新百合ヶ丘駅は小田急多摩線の開通(1974年)に合わせて接続のために新設された駅で、百合ヶ丘と柿生の間を津久井道沿いにカーブしていた旧線をショートカットする形で南側に造られている。
新線には踏切がないので、旧線跡を辿りながら踏切の跡を見ていこう。
百合ヶ丘駅
百合ヶ丘駅は昭和35年(1960年)に開設された駅で、駅名は駅南側に広がっていた百合丘団地(「ヶ」は付かない)から取られており、その百合丘の名前は同年に公団住宅の命名を行う際に100名近い地主が団地の開発に協力したことと、付近に百合の花が咲いていたことから名付けられたという。(参考:三井住友トラスト不動産このまちアーカイブス「百合ヶ丘の誕生と昭和40年代の登戸」)

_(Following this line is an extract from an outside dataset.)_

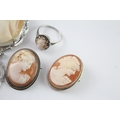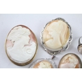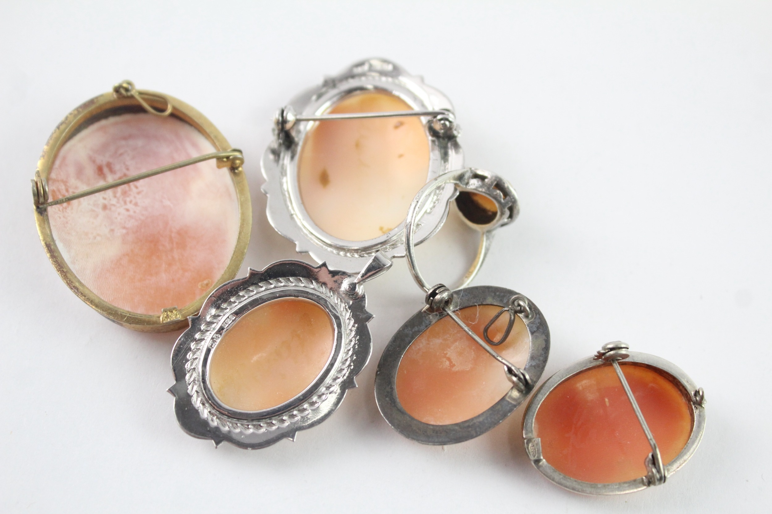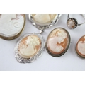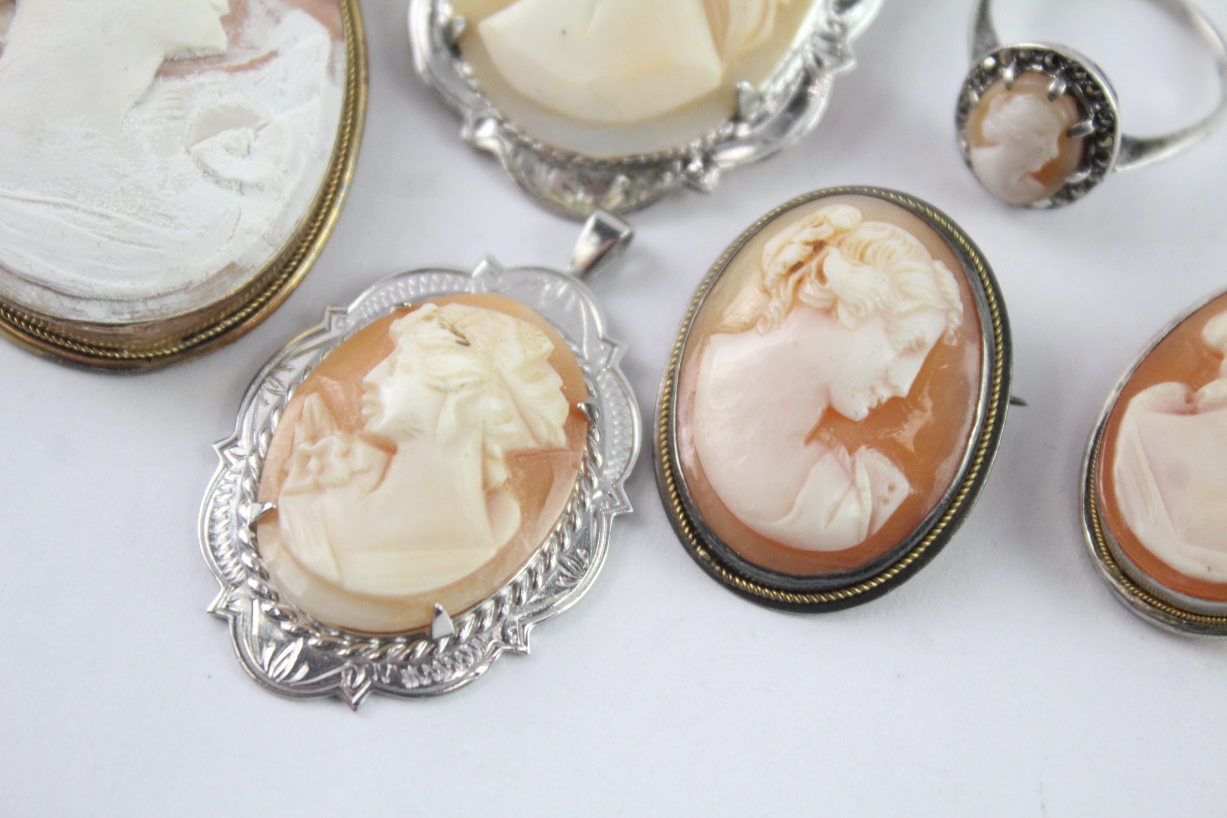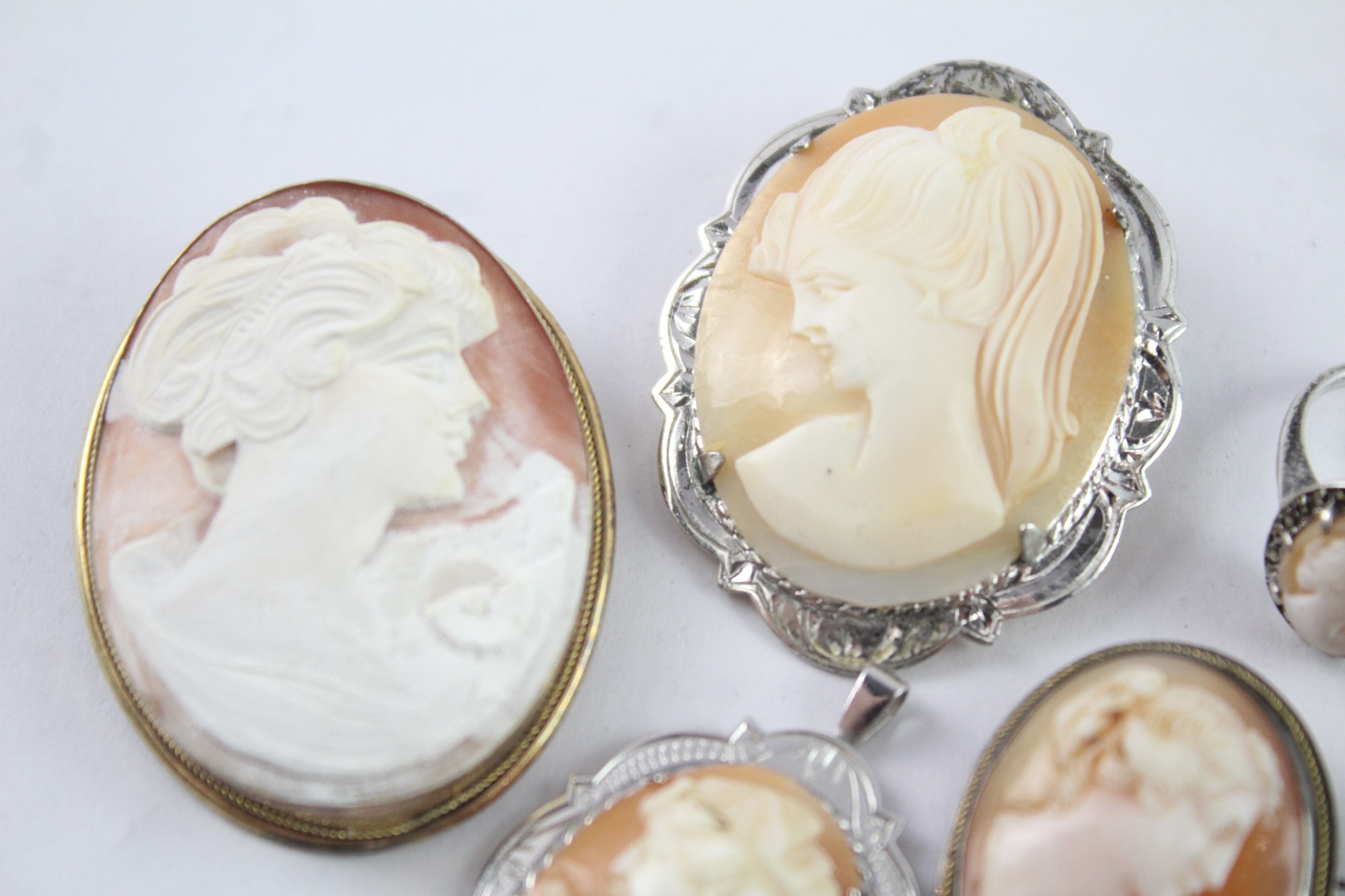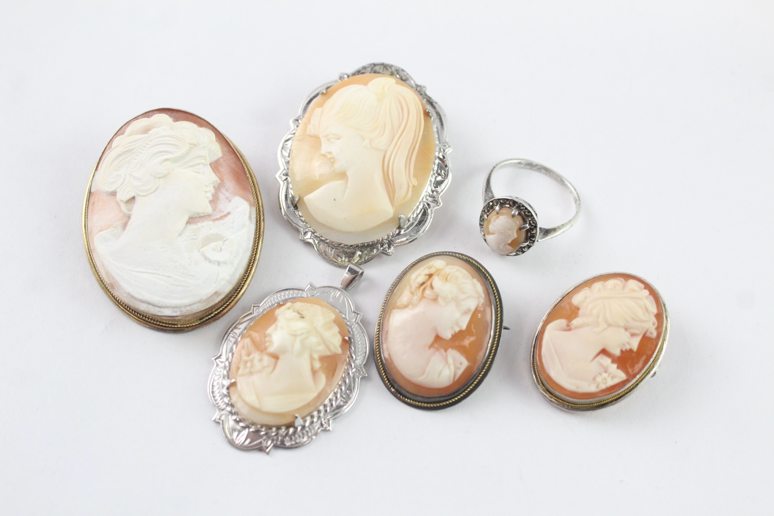 Collection of Silver Shell Cameo Jewellery inc. Brooches, Pendant, Ring x 6 (33g)

その百合ヶ丘駅は駅南側の台地の端に駅舎があり、線路はその下を切り通しで通っている。写真は駅北口で津久井道は写真右側の擁壁下を通っており、かなりの高低差がある。
この写真は2025/11/4撮影。
境界標
駅から坂道を下りて津久井道へ。少し西へ進んで振り返ってみたところ。
写真左側に境界標が3つみえるのだが、一番手前は「水」と彫られており、写真手前側にある川崎市上下水道局の施設「高石伏越し上流」との境界と思われる。津久井道が追分峠と呼ばれていた峠を越えて多摩川水系から鶴見川水系へ移るあたりにあり、地下に相模湖から川崎市と東京都23区南部へ水道水を供給する長沢浄水場に水を運ぶ水路があるそうだ。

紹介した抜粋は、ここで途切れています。